Oysters with pancetta
Do you have a reason to celebrate? Oysters from the Big Green Egg will make your party pop! To turn this into a regular taste sensation, we wrap each oyster in two slices of pancetta. It’s a snap to prepare the oysters earlier in the day, so all you have to do is cook them before you serve them.
For the oysters
- 1/3 celery stalk (of the outer part of the stalk)
- 1 large mushroom
- 1 sprig of thyme
- 8 large oysters (creuses)
- 16 thin slices pancetta
- Light the Big Green Egg and heat, with the convEGGtor and the Stainless Steel Grid, to 150°C. Cut the celery and the mushroom into small cubes. Remove and finely chop the thyme leaves.
- Open the oyster shells and remove the oysters. Keep the shells. Wrap each oyster in two slices of pancetta and return them to their shells.
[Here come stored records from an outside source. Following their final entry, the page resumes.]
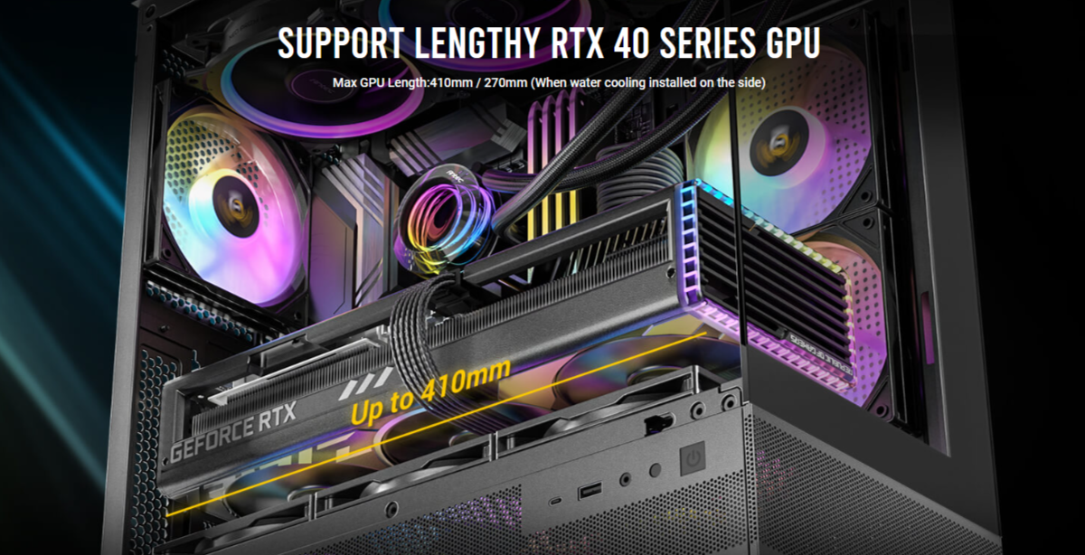 สำหรับเคส ANTEC CX700 RGB ELITE สามารถรอบรองการติดตั้งการ์ดจอ RTX 40 SERIES ได้สบาย ๆ สามารถรองรับได้สูงสุดถึง 410mm แต่หากติดตั้งชุดระบายความร้อนด้วยน้ำด้านข้าง จะโดนจำกัดความยาวของการ์ดจอได้สูงสุดเพียง 270mm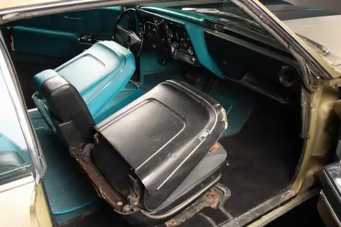 Водительская сторона автомобиля была полностью восстановлена до безупречного музейного состояния. Эту половинку машины окрасили красивейшим бирюзовым металликом Tahoe Turquoise, полностью обновили весь декоративный хром на бамперах и облицовке, перешили салон, используя аутентичные материалы, аналогичные заводским.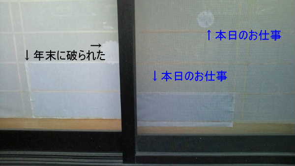 午後。洗濯物を取り込みに帰ると、和室の障子に穴(泣)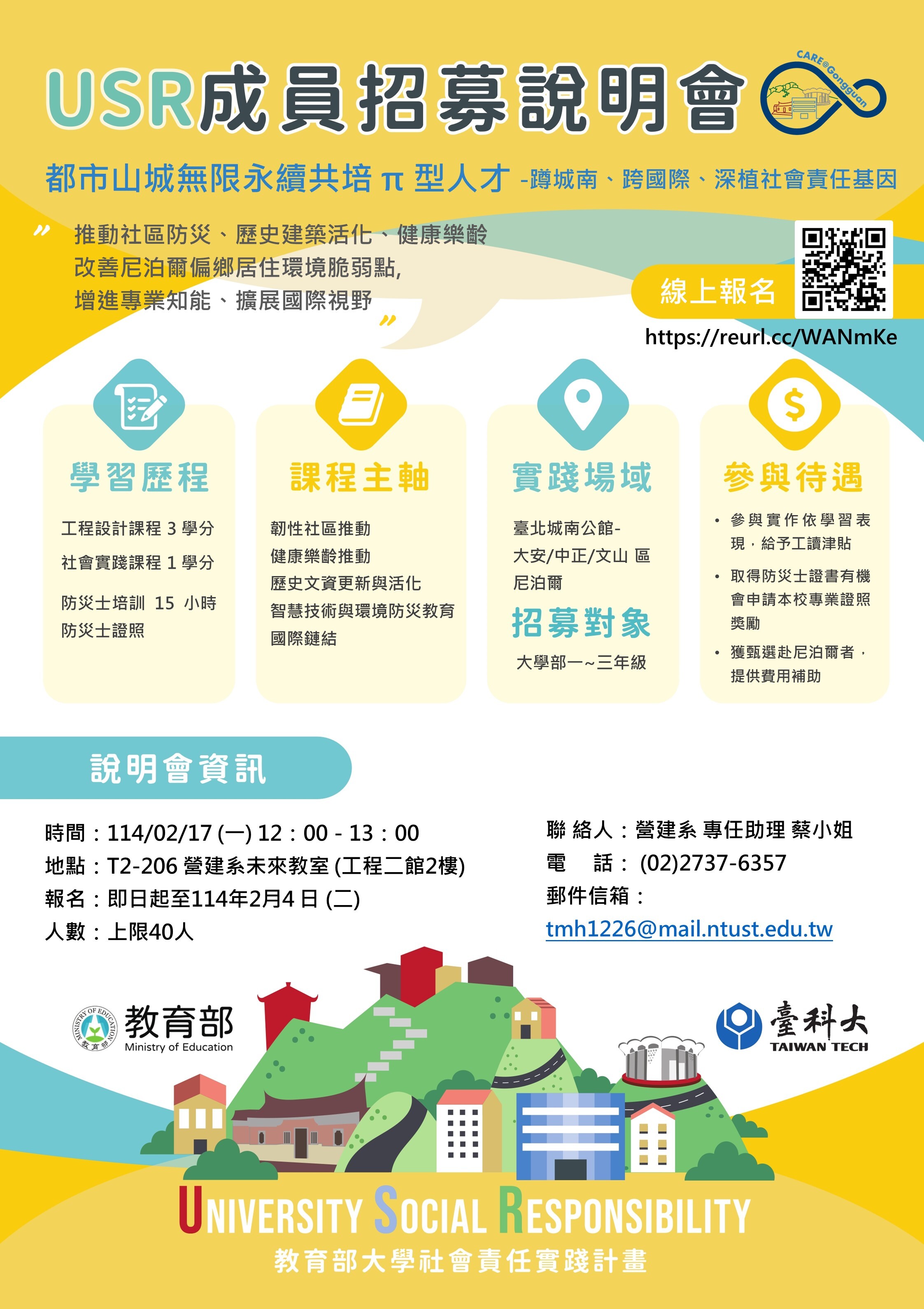 意者請優先採線上報名或洽台科大營建系USR專任助理蔡小姐

Distribute the celery and mushroom cubes over the shells together with the finely chopped thyme. Close the oyster shells and tie each shell with a piece of iron wire (e.g. binding wire for flower arrangements). If necessary, store in the fridge until preparation.
- Place the oysters on the grid, close the lid of the EGG and cook for about 10 minutes.
- Remove the oysters from the grid. Carefully remove the binding wire and the top half of the shell, and place the oysters on a dish.